The elderly banker on floor 30 passed away and his complex went on sale. I watched the posting price outside the building rise as more bids were made. It was not often when a lower floor opened; everybody down there lived to such old age now. I wish I could have put my name down and whatever money I had in my savings, about 20 dollars, to get the complex.

Scoob and I were pleasantly surprised when the Weissmans called and told us they had saved up enough to win the bid for the floor 30 complex and that they were moving within the week. We ran to our Mom that night, jumping in excitement at the thought of spending more time on floor 30 with the Weissmans and hoping her breathing would get better with less time on floor 200. But come the next month, and the next, and the next, we did not receive any calls from the Weissmans.
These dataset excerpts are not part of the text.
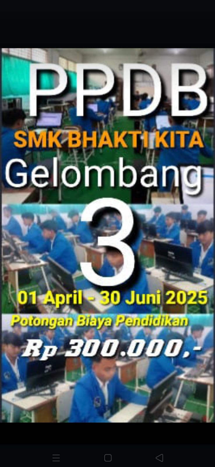 Sekolah Bakti Kita mengundang para orang tua untuk mempercayakan pendidikan putra-putrinya di lembaga ini. Informasi lebih lanjut mengenai pendaftaran dapat diperoleh langsung di sekolah atau melalui kontak resmi panitia PPDB.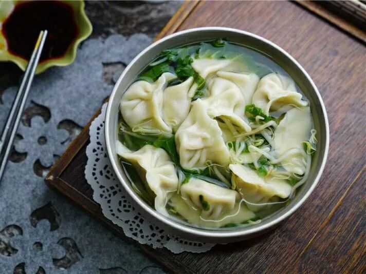 饺子皮600克、素馅500克、豆芽1份、青菜1份、盐适量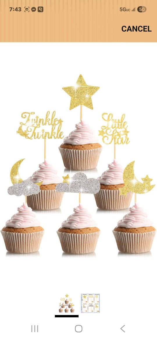 48 Pcs Glitter Little Star Cupcake Toppers Moon Cloud Cupcake Picks Twinkle Twinkle Little Star Baby Shower Decorations for Kids Birthday Wedding Part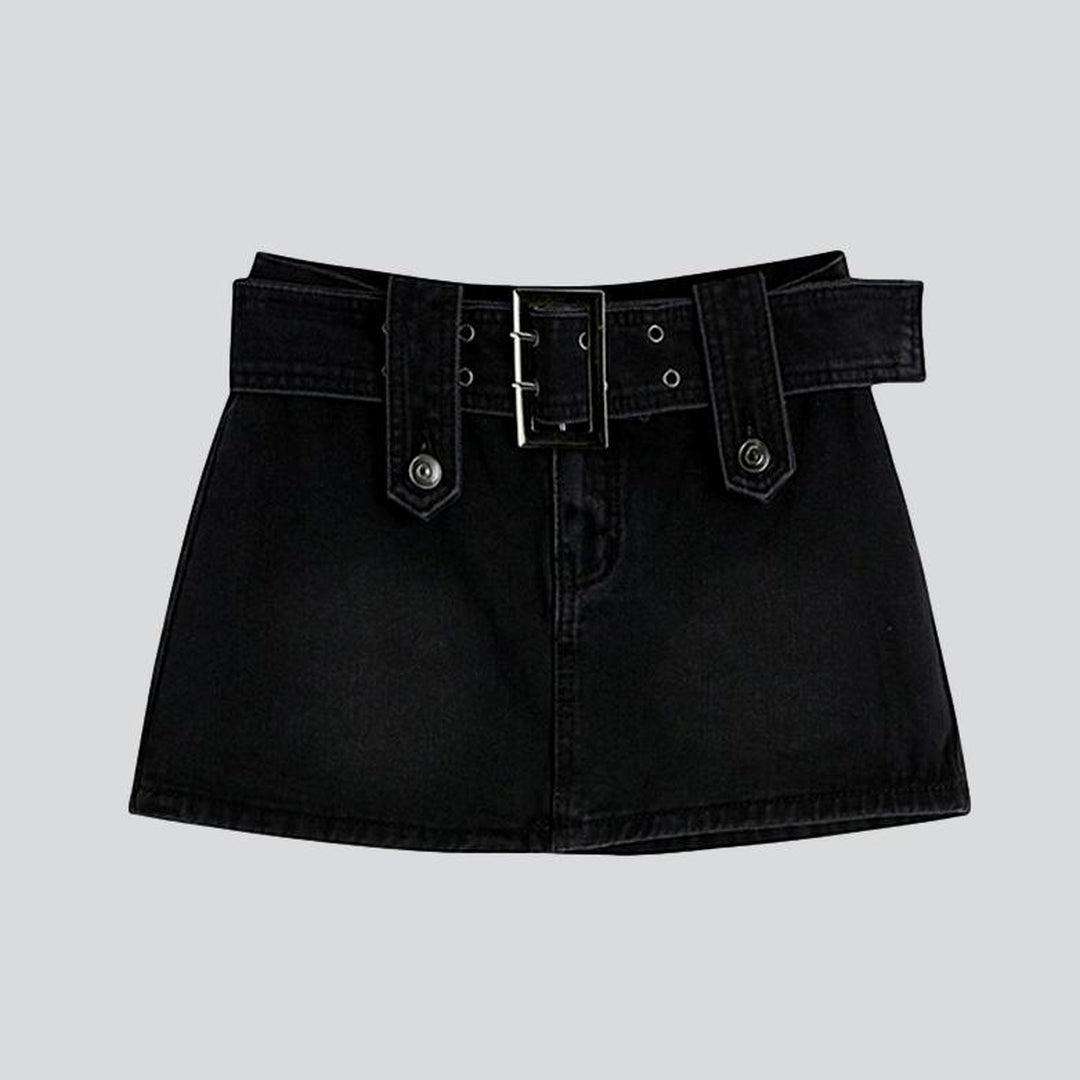 Make a bold style statement this summer with our 2023 Summer Collection black denim skirt with belt ââ‚?the ultimate '90s inspired fashion piece!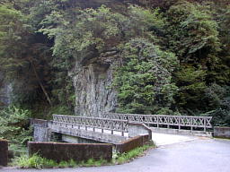 朝の早い登山者達がポツリポツリと下りてくる。すれ違いざまに「頑張ってね」などと励まされながら、20分ほどで竜王橋に着いた。この先の細倉橋に、百尋の滝に行く登山口があるのだが、今日は時間切れでここまで。橋の下を覗くと、岩陰から落ちる滝の滝壺だけが見えた。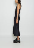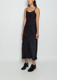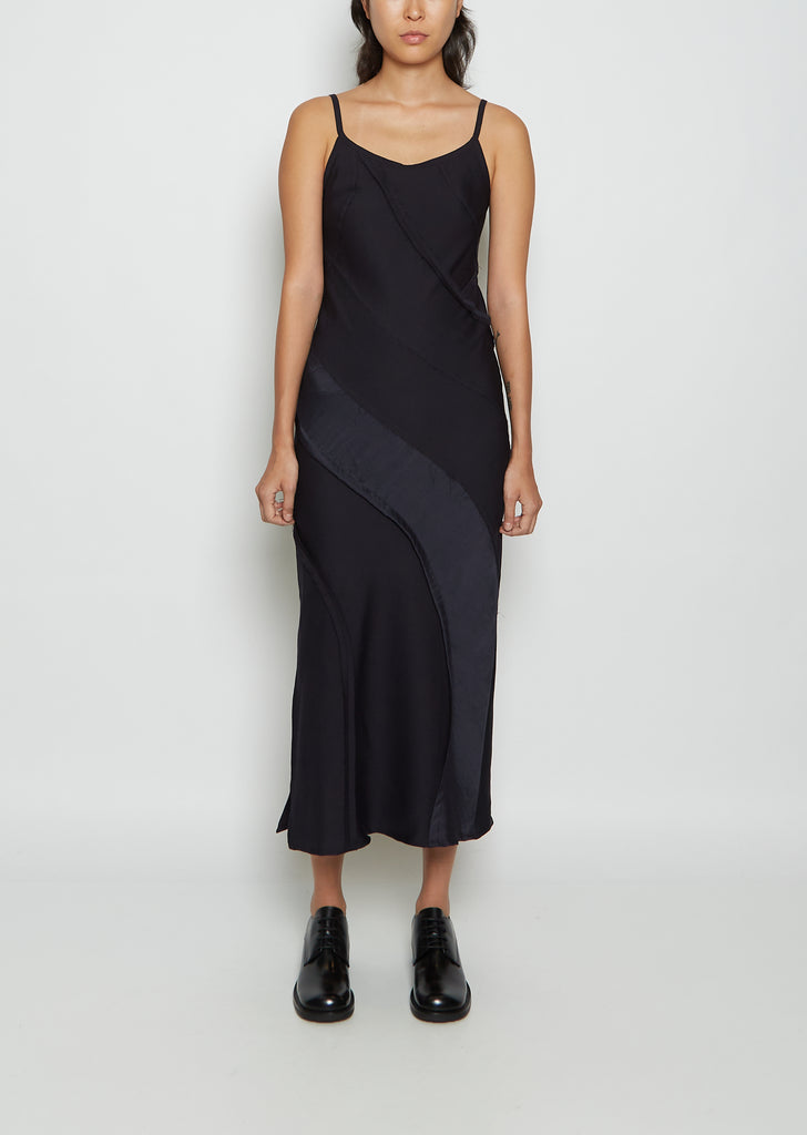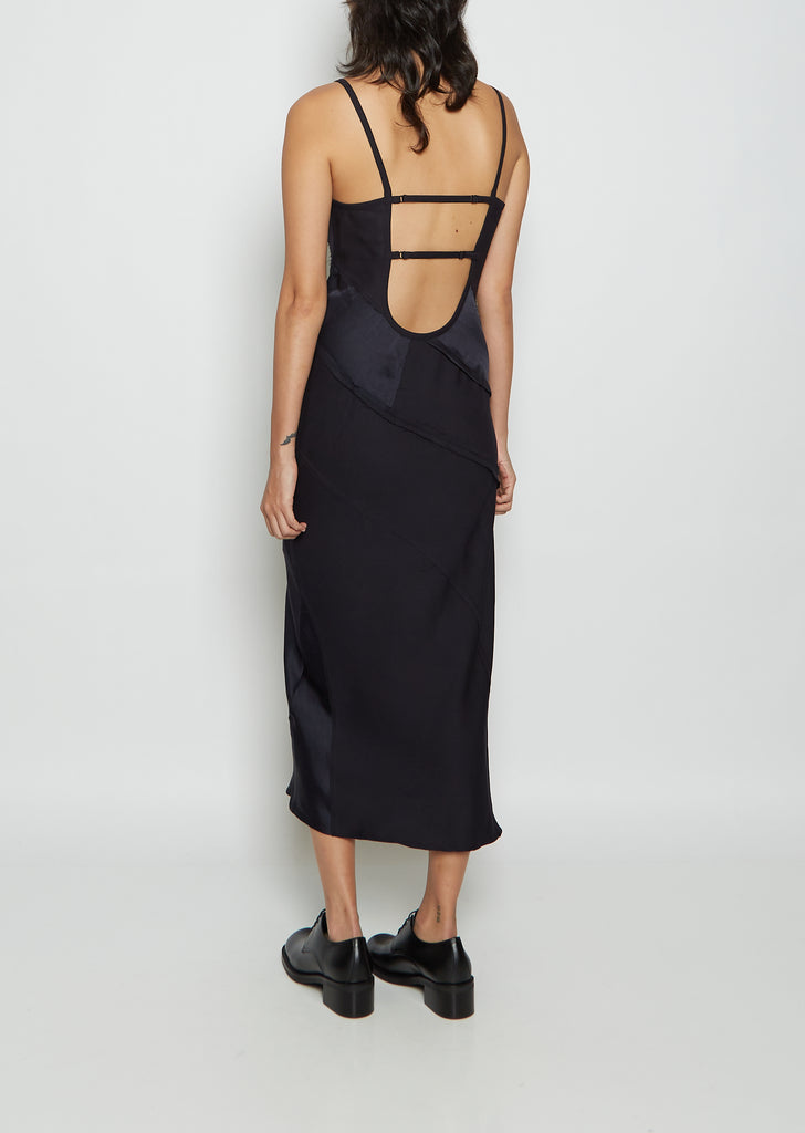 Blue Blue Japan navy camisole dress with raw-cut diagonal paneling and scoop back with double adjustable cross straps made from fluid rayon blend with slight stretch.

The new couple who replaced the Weissmans were very young. Scoob and I met them when we were wandering on floor 80, watching who entered the Weissmans’ old place. They were juggling their groceries inside and left the door open, and I saw the woman drop a few items. One of them rolled out in the hallway and Scoob instinctively walked past to pick it up and hide it under his jacket. I glared at him across the hall and he sighed as we both walked in to return the items and introduce ourselves. They were nice but didn’t mention having us over. Scoob thought if we spent more time with them, they might start inviting Mom down too. When Mom found out Scoob and I were sneaking down there, she told us to stop bothering them. Later in the month when the air got thinner and we saw Mom wearing her oxygen mask more often, Scoob told me his idea to instead go to floor 30 and see if the Weissmans would let us stay for a few nights. He said they probably didn’t have us over recently because they were so busy moving in, but if we showed up, they would remember. When we clambered down to floor 30, Scoob knocked four times. We knocked and knocked and knocked.
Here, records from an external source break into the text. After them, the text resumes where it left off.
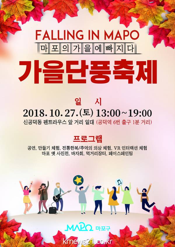 올해 처음으로 개최되는 마포구의 ‘가을 단풍 축제’는 ‘Falling in Mapo, 마포의 가을에 빠지다!’를 부제로 정하고 완연한 가을의 정취를 느낄 수 있도록 다양한 공연과 체험 프로그램 등을 시민들을 위해 준비했다.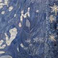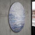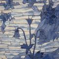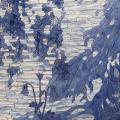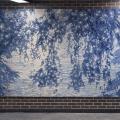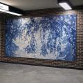 Plus bas dans l’espace souterrain, une deuxième section présente une grande mosaïque aux teintes bleutées évoquant un paysage imaginaire s’inspirant d’archives historiques. Derrière un premier plan de végétaux, un paysage dévoile une étendue d’eau lumineuse où se reflète la lumière d’un astre. Dans un dialogue entre le haut et le bas, la lumière et les reflets, le clair et le foncé, les deux sections de l’œuvre se complètent et témoignent de la mise en lumière d’une histoire souterraine du quartier.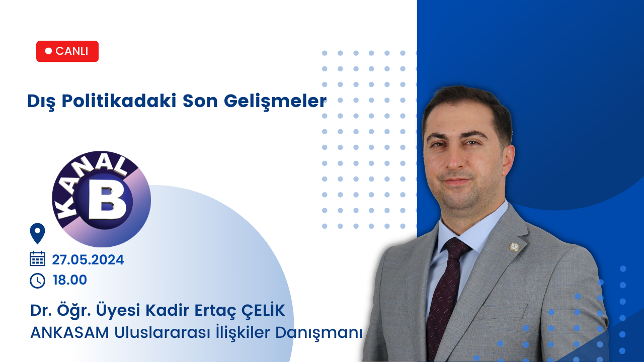 Yazar: ANKASAM AdminTarih:27/05/2024Paylaş:TwitterFacebookLinkedinReddItWhatsAppTelegramEmailYazdırCopy URL ETKİNLİKLERDuyurularANKASAM Uluslararası İlişkiler Danışmanı Dr. Kadir Ertaç ÇELİK Kanal B’de! Benzer İçerikler ANKASAM BAKIŞTürkiye-Özbekistan İlişkilerinde Stratejik Ortaklıktan Jeopolitik Eksen Oluşumuna 4+4 Mekanizması ANKASAM BAKIŞRusya-Ukrayna Savaşında “Unutulan Müzakere Masası”: İstanbul’da Masa Tekrar Kurulacak mı? ANKASAM BAKIŞTürk-Amerikan İlişkilerinde Gelecek Arayışları ve “TRÇ İttifakı” HABERLERBerdimuhamedov Bakü’de: Azerbaycan ve Türkmenistan önemli konularda diyaloğu hızlandırıyor AVRASYAKremlin Sözcüsü: “Rusya, Ermenistan’la tüm alanlarda ilişkileri geliştirmeye ilgi duyuyor”Bu yazı şu dillerde de mevcuttur: English Русский📅 27.05.2024⏰ 18.00📍 Kanal BANKASAM AdminÖnceki İçerikANKASAM Başkanı Prof. Dr. Mehmet Seyfettin EROL, TRT Türkiye’nin Sesi Radyosu’nda!Sonraki İçerikANKASAM Uluslararası İlişkiler Danışmanı Dr. Kadir Ertaç ÇELİK TVNet’te!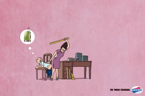 这一则创意海报,老师高举皮鞭似的直尺鞭挞小盆友的PP,小盆友却并没有哭泣,没有示弱,没有向各位观者求情博取怜悯,而是嘴角用力撇下,昂首坚挺着用意念对抗老师的体罚,头脑里没有别的念头,只有像美国旅行者行李箱那样坚强和倔强!(企业画册设计公司,影视广告制作公司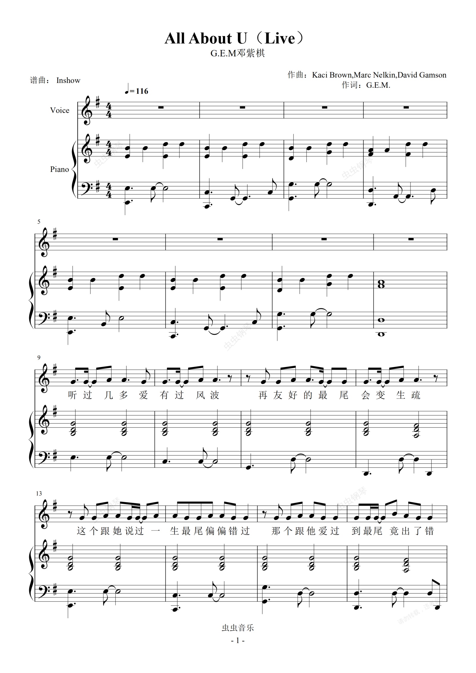 钢琴谱:G.E.M.邓紫棋 - All About U(Live)【弹唱谱】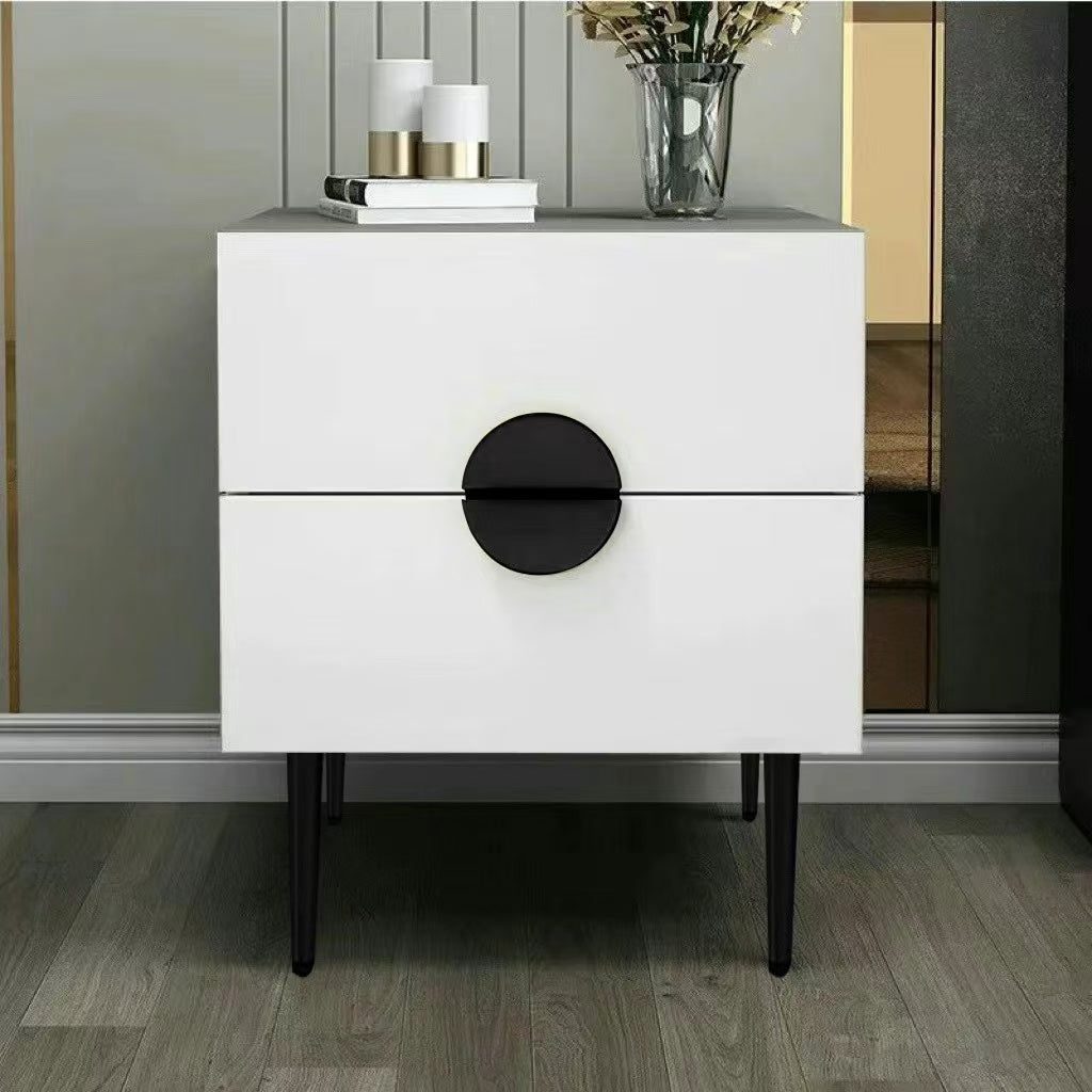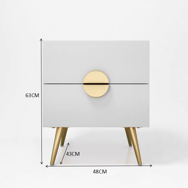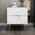 Modern White Glossy Finish Wooden Nightstand,Bedside Table With Golden And Black Legs,Two Deep Drawers With Golden And Black Handles, For Bedroom Storage And Organization,Bedroom Organizers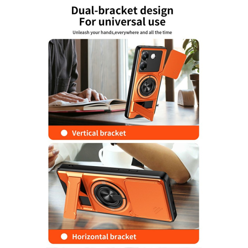 Protégez votre Xiaomi Poco M7 Pro 5G avec cette coque magnétique multifonction. Dotée d'un anneau support rotatif 360°, d'un support pliable pour visionnage mains libres et d'une protection caméra coulissante innovante. Double couche résistante aux chocs.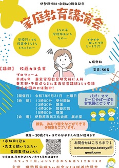 伊勢原市明るい社会づくり推進協議会による家庭教育講座「家庭教育講演会」が5月31日(土)、伊勢原市民文化会館で開催される。午後1時開場、午後1時30分開演。入場無料、当日参加も可能。定員50人。

When Mom, Scoob, and I slept outside when the elevator broke down again, we could vaguely make out the shadows of the Weissmans in their new house, and the shadows of several other strangers as well. A thin layer of snow had begun to powder on top of us. Scoob pinched me and gestured toward Mom. She was rubbing her hands together and coughing fiercely. I paused before telling Mom Scoob thought it was cold and we wanted to use our backup masks and sleep in the unoxygenated stairwell tonight. We promised to help carry our bags to at least the fourth floor so the residents on ground and first wouldn’t report us. Scoob and I shot each other celebratory smiles when she agreed, and we felt her relief as we dragged the sleeping bags into the stairwell. When Mom took out the oxygen masks from her bag, she looked at them and hesitated before handing Scoob and me ours. I could see that her mask was at 30% oxygen while the ones she gave Scoob and I were at 70%, enough to last the night. I gave Scoob a wide-eyed stare, trying to communicate with him silently. His expression back to me was blank. I stood and muttered about going to the bathroom, but once I left the building, I started running to the twenty-four-hour convenience store at the end of the block. I squinted in the snow that was now raining heavily down to the ground and had to sprint from feeling the cold. Once I reached the store, I barged in, gasping for breath, and scoured for the oxygen masks I knew they sold. I found the last mask sitting on its own rack, and eagerly reached to pull it down. When I flipped it over to check the price, it was listed as 30 dollars. I sank to my knees, clutching the mask until my breath steadied. About to return it to the shelf, I suddenly paused. My body became still. From the corner of my eye, I glanced at the cashier, then the door, and then back to the mask.